_What is being asked_. The reply needs the lines from the one containing "Платье легкое нежное" through the end of the material, each repeated exactly, and no pictures.

_Given information_.

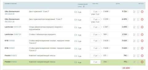- 1,5 млн. наименований запчастей в ассортименте
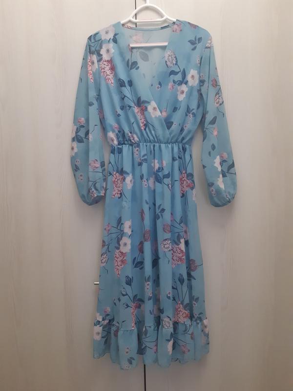 Платье легкое нежное в цветочный принт длина миди длинный рукав
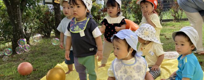 あじさいの花も色づき、梅雨の季節になりました。お散歩に行くとお花やちょうちょがいっぱい✨ これなあに?と色々な物に興味津々でジーっとみたり、指差しをして教えてくれます。天気が良い日も多く、お庭でも沢山遊びました。しゃぼん玉遊びが大好きなハープさんは、フワフワ~っと飛んでいくしゃぼん…

_Response area_.
 Платье легкое нежное в цветочный принт длина миди длинный рукав
 あじさいの花も色づき、梅雨の季節になりました。お散歩に行くとお花やちょうちょがいっぱい✨ これなあに?と色々な物に興味津々でジーっとみたり、指差しをして教えてくれます。天気が良い日も多く、お庭でも沢山遊びました。しゃぼん玉遊びが大好きなハープさんは、フワフワ~っと飛んでいくしゃぼん…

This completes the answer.